Under the TCJA, the child tax credit also increases from $1,000 to $1,600. While this is a good step, it is less of an increase than some Republicans, including Senator Marco Rubio (R-FL), had hoped for. I expect this credit will increase after bill mark-ups have completed.

In addition, the bill also would create a tax credit of $300 for every adult dependent and parent, or $600 each for joint filers. In theory, a family of four (two parents, one young child and one young adult) could reduce their tax burden by $2,500. Like the child tax credit, this credit would phase out when the income of a family exceeds $230,000.

Luckily, the TCJA also phases out the death tax by 2024, ending the immoral practice of taxing death.

Additionally, the bill makes no changes to 401(k) plans, and makes 529 (education savings) plans easier to manage; the legislation would allow 529 funds to be used for high school tuition costs and would allow the accounts to be opened for unborn children.

To translate the number soup above: Speaker Ryan (R-WI) claims this plan would save the average American family of four (which brings in around $59,000 of gross income per year) $1,182 per year in taxes, leaving that family’s tax bill at only $400. This, more money in the pockets of American families, is very good news.

A problem: the plan eliminates state tax deductibility.
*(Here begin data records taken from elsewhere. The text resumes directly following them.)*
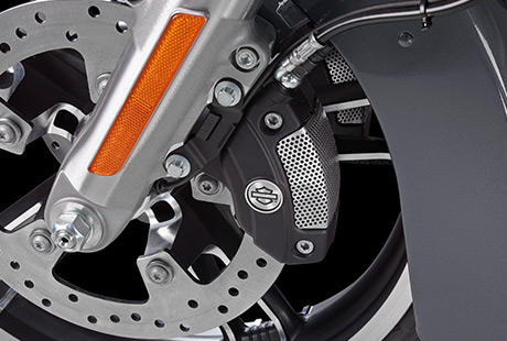 Zweifellos gibt es auf vielen Touren Augenblicke, in denen Sie blitzschnell bremsen müssen. Und diese Momente können Sie weder auswählen, noch treten sie immer auf ebenen, geraden, trockenen und perfekt asphaltierten Strecken auf. Deshalb sind die Touring-Modelle mit dem neuen Reflex Antiblockiersystem (ABS) mit dynamischen, elektronisch verlinkten Bremsen ausgestattet, die die Bremskräfte optimal auf das Vorder- und Hinterrad verteilen. Mit ABS werden ein blockiertes Vorderrad oder ein rutschendes Hinterrad nun in die Geschichte verbannt. Und die Vorder- und Hinterbremsen sind elektronisch miteinander verlinkt, um bei sämtlichen Straßenbedingungen für jeden Reifen stets die korrekte Bremskraft bereitzustellen. Unabhängig von Ihrer Erfahrung werden Sie damit zum besseren Fahrer.
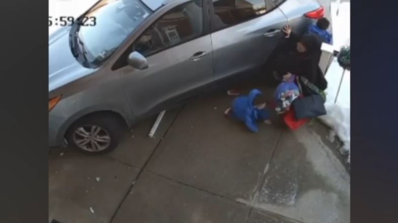 Η μητέρα, κρατώντας τους δύο γιους της, κατάφερε να τραβήξει ένα από τα αγόρια δευτερόλεπτα πριν το αυτοκίνητο συγκρουστεί με μία κολόνα και χτυπήσει τον γιο της στο πόδι.
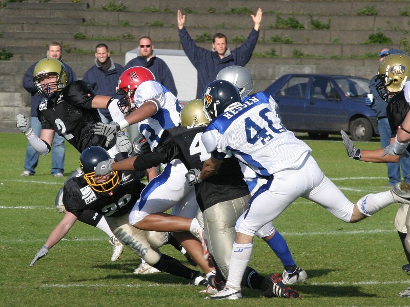 Das Auftaktspiel bestritten die Wetterau Bull gegen die Kassel Titans. Am heutigen Tag feierte nicht nur die Liga und die Teams, sondern auch fast alle Spielerinnen ihre Wettkampfpremiere. So wogte das erste Spiel lange Zeit hinterher. Zahlreiche gute Aktionen konnten die rund 300 Zuschauer bewundern, aber kein Team konnte einen Drive konsequent zu Ende bringen. Zu groß war am Anfang die Nervosität. Am Ende ging das Spiel 0:0 unentschieden aus.
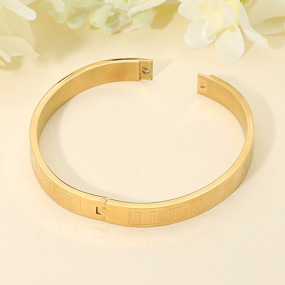 Details • Size : 0.3" H, 2.5" D • Hinged Closure • This stainless steel bangle showcases engraved Roman numerals that add a classic, timeless charm to its sleek, polished design. Elegant yet modern, it’s perfect for everyday sophistication or layering with other pieces to create a bold, personalized statement of refined contemporary style. • Stainless Steel

Under current law, taxpayers can deduct the amount of their state tax when filling out federal taxes. This effectively subsidizes taxpayers living in high-tax states such as California, New York, New Jersey and others. Eliminating this deductibility is a good thing – the federal government, should not subsidize high tax states at the detriment of states that are more fiscally responsible. However, Republicans from those high tax states will have a hard time voting for this legislation, (rightfully) fearing the wrath of their constituents. Expect this issue to take up a lot of oxygen over the coming weeks as the House GOP whips votes.

Another (big) problem: these tax cuts will add about $1.5 trillion to the United States deficit over the next decade. While Republicans are right to cut taxes, they must also act to offset the resulting deficit by making spending cuts – they are supposed to be fiscal conservatives after all. Cutting spending is never easy (especially when addressing entitlement programs), but it’s long overdue and badly needed.

Another problem: many (including myself) would argue that these cuts don’t go far enough for individuals, and don’t cut enough special interest loopholes. However, at the end of the day, this bill is a good first step in addressing the mess of our current tax code. More improvements can always (and should) be made down the road.